Physical Examination: 8 x 5cm erythematous friable tumor on vertex of the scalp

Histopathology: Skin with dome-shaped lesion characterized by collection of spindle, oval, and round mesenchymal cells in the dermis displaying atypical nuclei, with multinucleation and foamy cytoplasm, and with numerous mitotic figures. The tumor cells are highlighted on CD68 and CD10 stains, negative AE1/AE3, CD31, and desmin. S100 shows focal positive cells.

Clinical Course: 1 stage of Mohs micrographic surgery was performed to obtain peripheral surgical margins free of tumor. Deep margins remained positive with evidence of tumor invading down to the calvarium. 14 tissue blocks were processed for frozen sections until clear margins were detected, resulting in a surgical defect 8.2 x 6cm.

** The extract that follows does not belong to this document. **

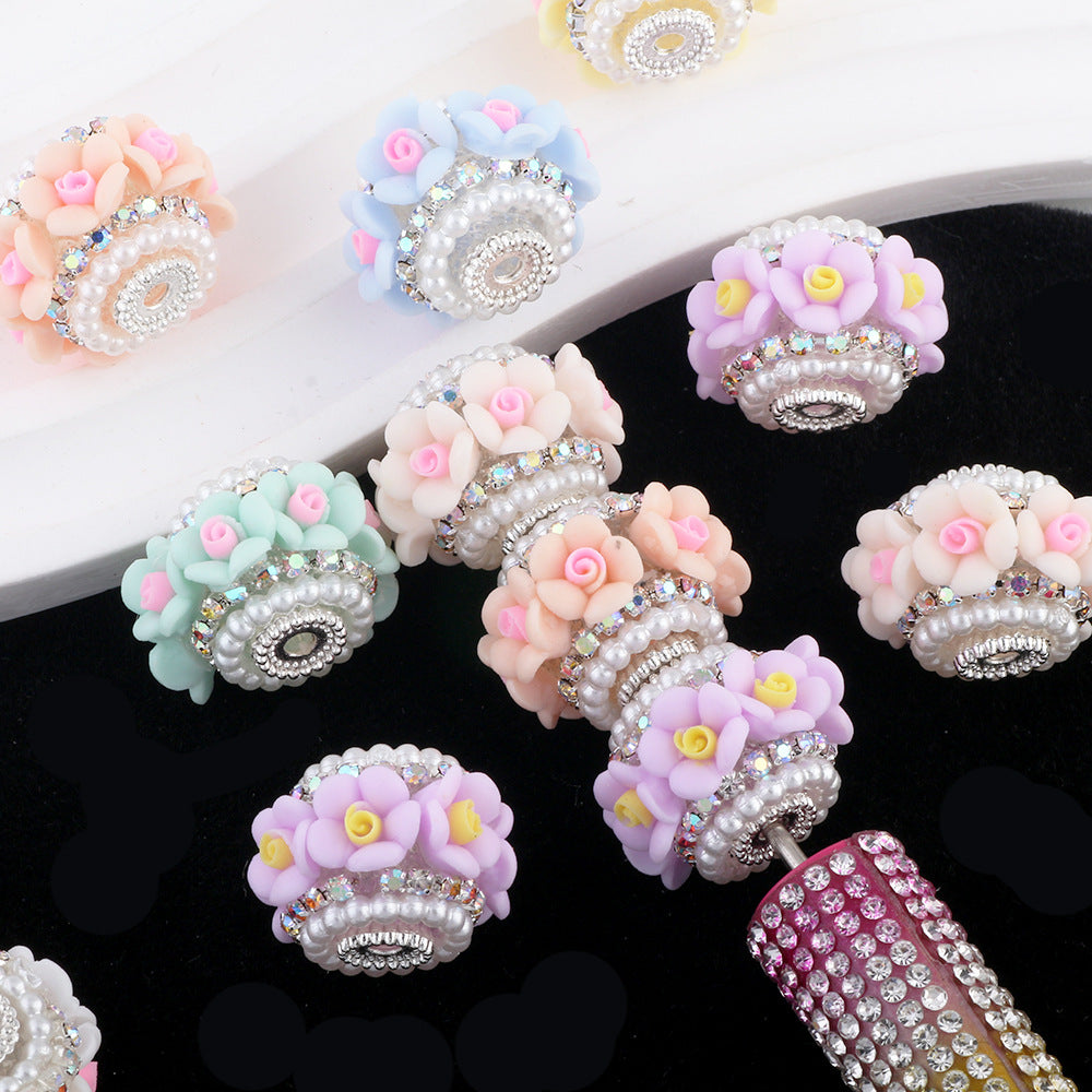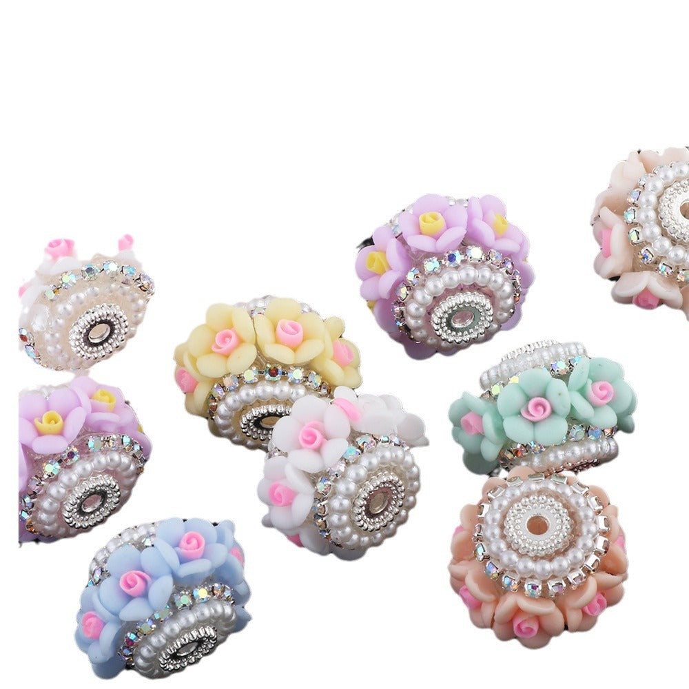 Wholesale 10pcs Flower Round Barrel Drill Balls Straight Hole Beads

Diagnosis: Recurrent Atypical Fibroxanthoma

Points of Emphasis: AFX is an uncommon rapidly growing cutaneous neoplasm of uncertain etiology. It commonly occurs on photo-damaged skin on the scalp of an elderly man, clinically presenting as a nodular or polypoid tumor accompanied by ulceration or bleeding.  These tumors behave indolently, despite their highly anaplastic cytology. In a retrospective chart review of nearly 3,000 cases of AFX, the twenty-year disease specific survival remained 97.8% [3]. 7.6% of patients experienced local recurrence after clear margin excision and 2.75% later developed metastasis, with no significant difference in rates following wide local excision verses Mohs microsurgery [3]. Although these more aggressive AFXs are rare, some argue that malignant fibrous histiocytoma should be considered in the context of recurrence or metastasis [1]. Similar to our case presented above, Leeet al presented an elderly individual with a history of therapeutic radiation exposure who developed AFX within the exposed area, underwent Mohs surgery, and later experience AFX recurrence at the initial site [4].

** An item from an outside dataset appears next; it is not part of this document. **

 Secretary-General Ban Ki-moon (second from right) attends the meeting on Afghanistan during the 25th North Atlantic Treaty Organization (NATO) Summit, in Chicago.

Histologically, AFX presents as a well-circumscribed tumor of fasicularly arranged pleomorphic epitheloid, spindled, and multinucleated giant cells within and confined to the dermis [5]. Frequent atypical mitoses are often seen, requiring negative immunostaining for S100, cytokeratin, CD34, and desmin as a perquisite to diagnosis to rule out other poorly differentiated malignant neoplasms [5]. Although no immunohistochemical markers are specific for AFX, immunostaining is required for diagnosis. Case reviews of AFXs show staining to be positive for A1AT, CH10, CD68, CD74, CD99, melanoma-associated antigen (NK1/C3), vimentin, SMA, cathepsin B, p53 and stromelysin-3 in greater than 90% of cases, while 90% stain negative for cytokeratins, S100, desmin, CD15, NGFR, and human melanoma black 45 (HMB-45) [3]. However, cell morphology and immunohistochemistry alone is not sufficient to exclude the more aggressive pleomorphic dermal sarcoma (PDS). These tumors are indistinguishable from AFX by single cell analysis but are asymmetrical and poorly circumscribed, with or without infiltration of surrounding subcutaneous tissue, nerves, and lymphatic vessels [5]. Although debate exists, some conclude that AFX represents the non-infiltrating precursor lesion of PDS [2].

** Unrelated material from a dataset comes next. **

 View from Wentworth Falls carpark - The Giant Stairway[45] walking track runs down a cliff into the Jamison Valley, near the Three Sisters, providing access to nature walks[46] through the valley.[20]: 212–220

References:  1. Branch, LG, Albertini, JG, & Leshin, B. (2015). Recurrent Atypical Fibroxanthoma verses malignant fibrous histiocytoma. Journal of Craniofacial Surgery, 26 (4). Dio.10.1097/scs.0000000000001550.   2. Helbig, D, Ihle, MA, Putz, K, Tantcheva-Poor, I, Mauch, C, Buttner, R, & Quaas, A. (2016). Oncogene and therapeutic target analyses in atypical fibroxanthomas and pleomorphic dermal sarcomas. Oncotarget, 7 (16), 21763-21774.